I came to understand some of our hosts came from The Art of Hosting tradition, using the tools of the “un-conference” where anyone can propose a session, & people follow their intuition to choose where they’d like to go, and are welcome to move/leave at any time… which help create the gathering’s organic structure.
Some knew each other from the Berkana Exchange – a program that “connected pioneering leaders throughout the world around their shared commitment to making a difference in and beyond their communities”. There were emissaries from the Findhorn community in Scotland, and Tamera eco-village in Portugal, both intentional communities – who shared some of their experience trying to put “gift economy” into practice, not always finding it easy to find the balance of generosity and sustainability. There was a whole contingent from India, some part of the “Moved by Love” movement, including the creators of the “halchal café” a “slow food gift culture café, started as an experiment to rebuild trust, friendship, health and connection- run by volunteers. There is no bill for the food: instead we ask you to make a contribution from your heart to help cover the costs for the next café.”
Munir from Palestine, one of the beloved Giftival “elders”, shared stories about the Mujaawarah, from the Arabic, the practice of neighboring – how we learn alongside each other, not by “teaching and learning”, but sharing experience side by side. It was a profound conversation, and in some ways, described the gathering itself- how we influenced, touched and inspired each other through the ongoing conversation, how each others’ experience became part of the fabric of our own.
The conversation kept shape-shifting – from discussion to dancing, wandering the streets of the old city, sharing a beautiful Indian meal, prepared by our Indian friends, served and enjoyed in silence. Somehow it wove together questions of finance, money, solidarity and “gift-economics”, with reflections on the “inner gift”, the creative gift, something more mysterious and harder to articulate.
For me, still early in the journey of making the film, it was a precious gift, as transformative as it was unexpected- sparking encounters that would change the course of my life and my film.
I’d started out looking for outer forms of “gift economy”- one passage of The Gift had especially marked me, I’d underlined the passage in the book:
“There have been times and places in which a person came into his or her social being through the dispersal of his gifts, the “big man” or “big woman” being that one through whom the most gifts flowed. The mythology of a market society reverses the picture: getting rather than giving is the mark of a substantial person.”
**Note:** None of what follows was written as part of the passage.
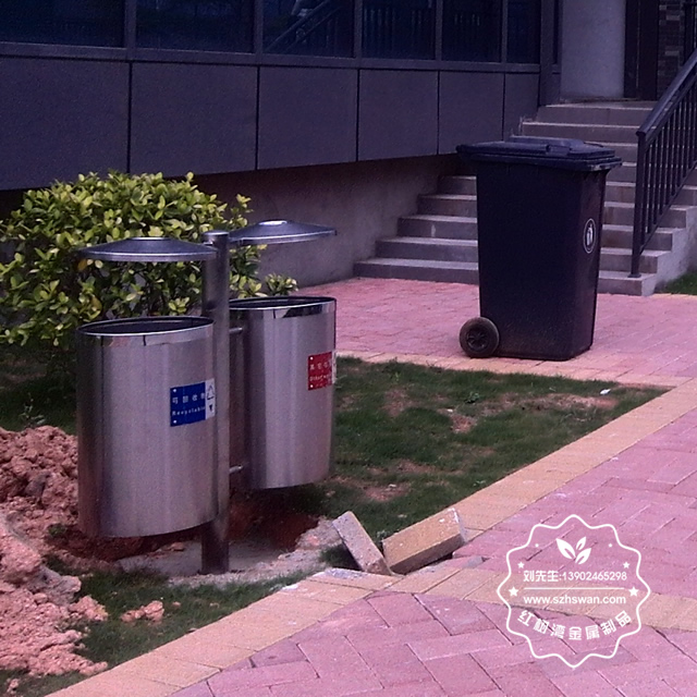 戶外圓柱形不銹鋼分類垃圾桶制作精良,圓柱形防盜雙分類設(shè)計(jì),注重產(chǎn)品細(xì)節(jié)部位處理堅(jiān)固耐用,安全無利口,不傷手,201不銹鋼外筒,配備圓柱形鍍鋅板內(nèi)筒,或者選擇:不銹鋼、塑料、玻璃鋼等內(nèi)筒制作,便于垃圾清倒;適合擺放場景:街道、城中村、工業(yè)區(qū)、物業(yè)小區(qū)、社區(qū)等等。

My spark of interest was to go looking for these cultures, places and economies – traditional and new- where that “gift economy” actually functioned, and see if I could capture it, explore it, get inside these places and see how another paradigm might work. The tradition of the potlatch: what it meant to practice that tradition in the 21st century, put those values into practice, keep the gift circulating, in the digital ago. Burning Man, the “pirate utopia” inspired by Hyde’s ideas, where gifting is the currency, with creativity and art at its centre. Giftival was a gift economy unlike anything I’d experienced… and at the same time, through its extraordinary participants, somehow brought me back to “the inner gift”- and the question of how I’d explore that question, in the film.